Okay, one last final question if I may. The distribution, according to the press releases you said that you would like to resume the distribution in November. I was wondering if you can give some color on what resume means. Is it resume at the previous level, so if you can’t comment on the specific number, if you can sort of talk about how you are thinking about DCF coverage is going to be higher now because you are a little bit more commodity sensitive than you were before. Just sort of any color on how we can read the tea leaves in sort of establishing our forecast going forward?

Joe Mills

Well, no doubt that I would love to give you a number but unfortunately I am not in the position to do that today. Clearly, the Board and I are spending a lot of time looking at our business; some of the results that we expect here in the near-term in helping establish that distribution for the third quarter. I can tell you this, whatever distribution we established clearly needs to be sustainable. We have been through a tough period of time here when we had to not only reduce our distribution and eventually suspend it, none of that has been fun and certainly everybody around this table is equally incentivized to get that distribution reinstated as well as get it to as high a level as possible.
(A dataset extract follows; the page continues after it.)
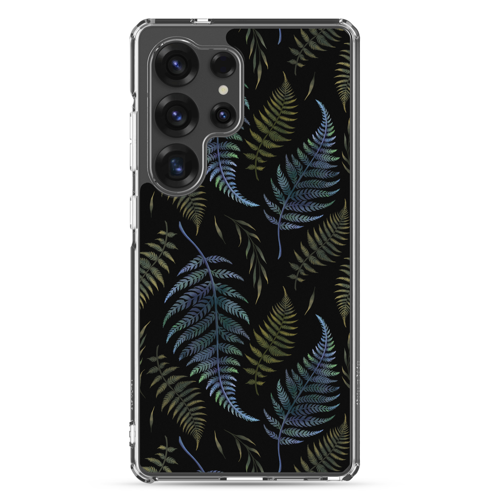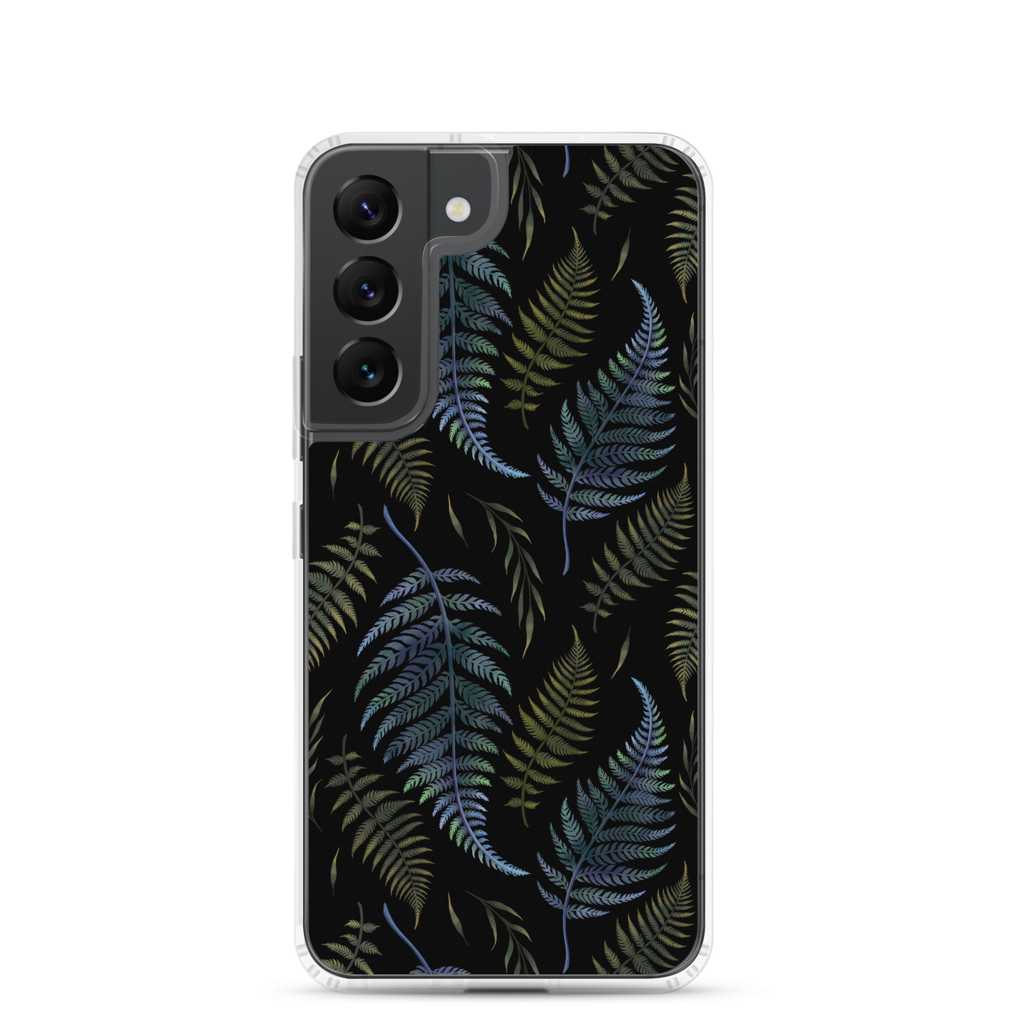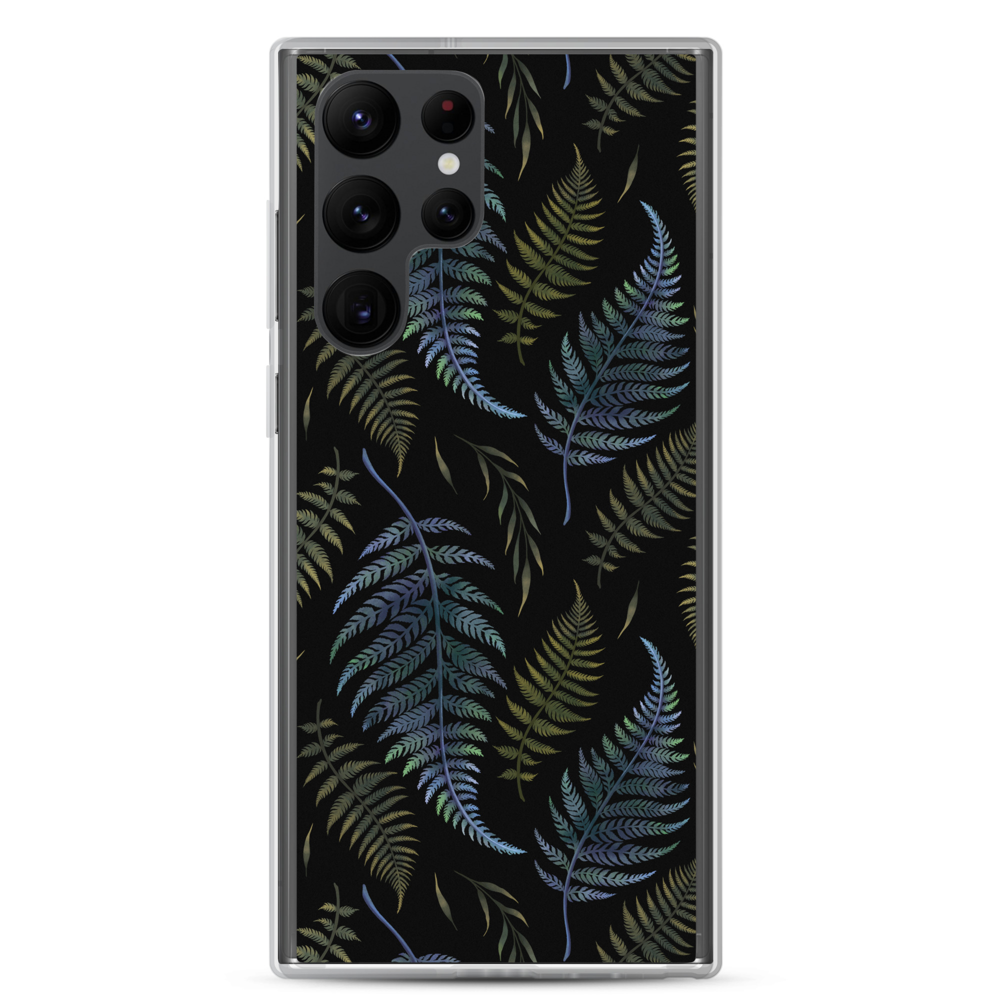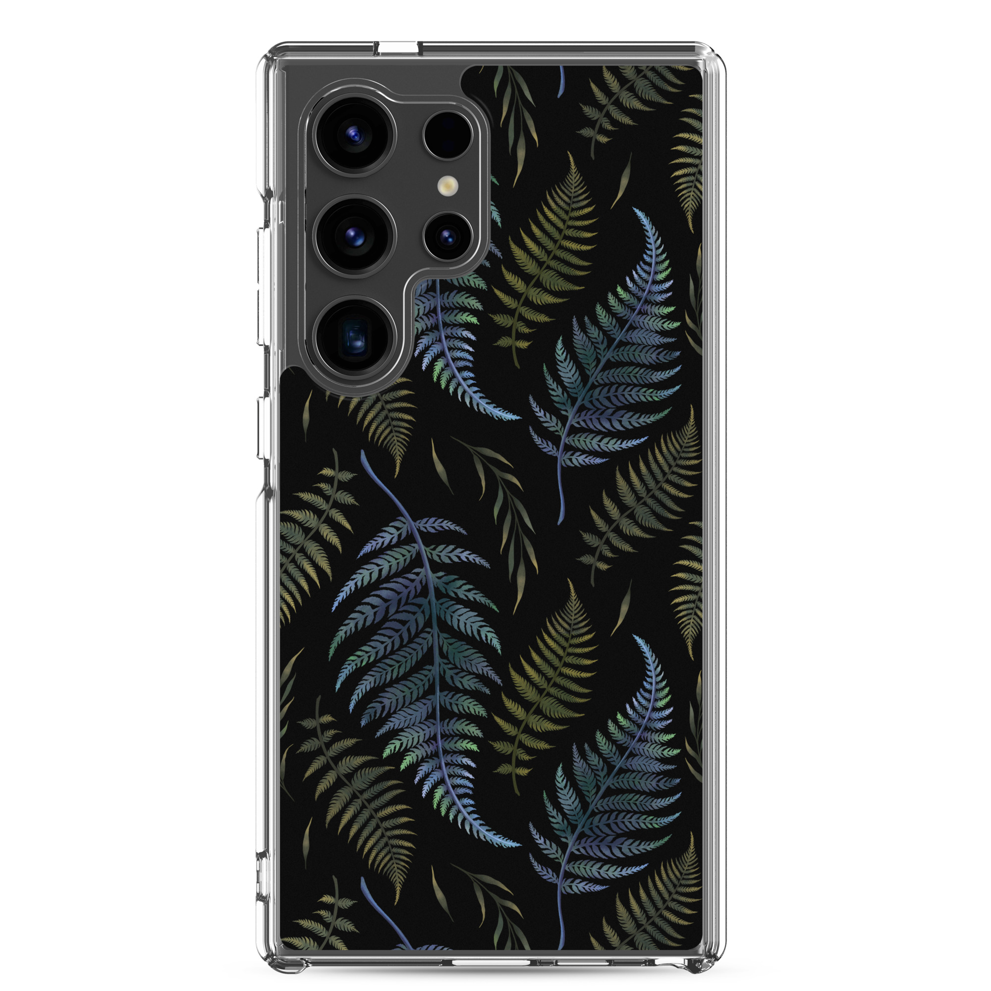 Mobilskal som passar Samsung med detaljrika ormbunksblad som dekoration. Tillverkad i hög kvalitet och skyddar baksidan och sidorna på din telefon mot repor, smuts, olja och damm. Sidorna är genomskinliga och har färdiga hål för laddning, volym, hörlurar och på/avstängning. Skalet är väldigt slitstarkt och enkelt att ta av telefonen på grund av det följsamma materialet runtom. Kompatibla för trådlös laddning.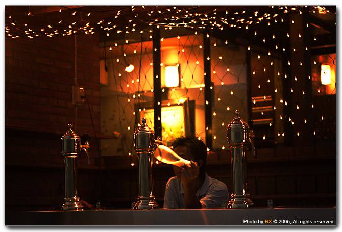 岸堤旁開了好多有特色的小酒吧,這應該是淡水目前的特色之ㄧ,氣氛的燈光加上音樂,慵懶的酒保與啤酒氣泡,這是都市緊張氣氛壓力下的最佳解藥,淡水夜色中的酒吧的確給人不ㄧ樣的感覺。起碼... 也遠優於咫尺之遙的燒烤店來得有氣氛些。

But I do think whatever distribution is established, it’s got to be sustainable, number one. Number two is, we do want to maintain an appropriate coverage ratio. We have seen -- I mean certainly we were victims of it, we have seen others where coverage has gotten pretty thin and in a lot of cases companies are below one-time coverage and we really don’t want to find ourselves in that situation again. Given that we are much more commodity sensitive today than we have been historically, we do think whatever distribution is established needs to be sustainable, needs to have an appropriate coverage level call it 1.1 to 1.2 times coverage that allows us then to really weather the price volatility in our business. So, that’s probably about the best I can say at this point but hopefully that gives you a little bit of color.

Operator

Our next question comes from the line of John Ragozzino with RBC Capital Markets. Your line is now open. Please proceed with your question.

John Ragozzino - RBC Capital Markets

Bob, this one is for you, can you give us a little more elaboration on the key drivers of the significant reduction in G&A that you look going forward and maybe give us a bit of a color on the timing that you expect for the realization of these cost savings?

Bob Haines

Right now with the discontinued operations they have to be specific in identifiable cost related the discontinued operation. We have a lot of, this quarter we had employees with shared services that we were not able to allocate to that who have since left the business. We also have cost like auditing, insurance and other outside services that we cannot allocate anything to the discontinued operation, so you will see a stair step decrease to the G&A over the next couple of quarters.

Joe Mills

And John, I might be able to -- I might just elaborate a little bit more on that and Bob is exactly right. This was obviously a messy quarter, a lot of - to the discontinued operations. There is G&A that we would have liked to and felt like we could allocate to the discontinued operations but under GAAP we're really not allowed to.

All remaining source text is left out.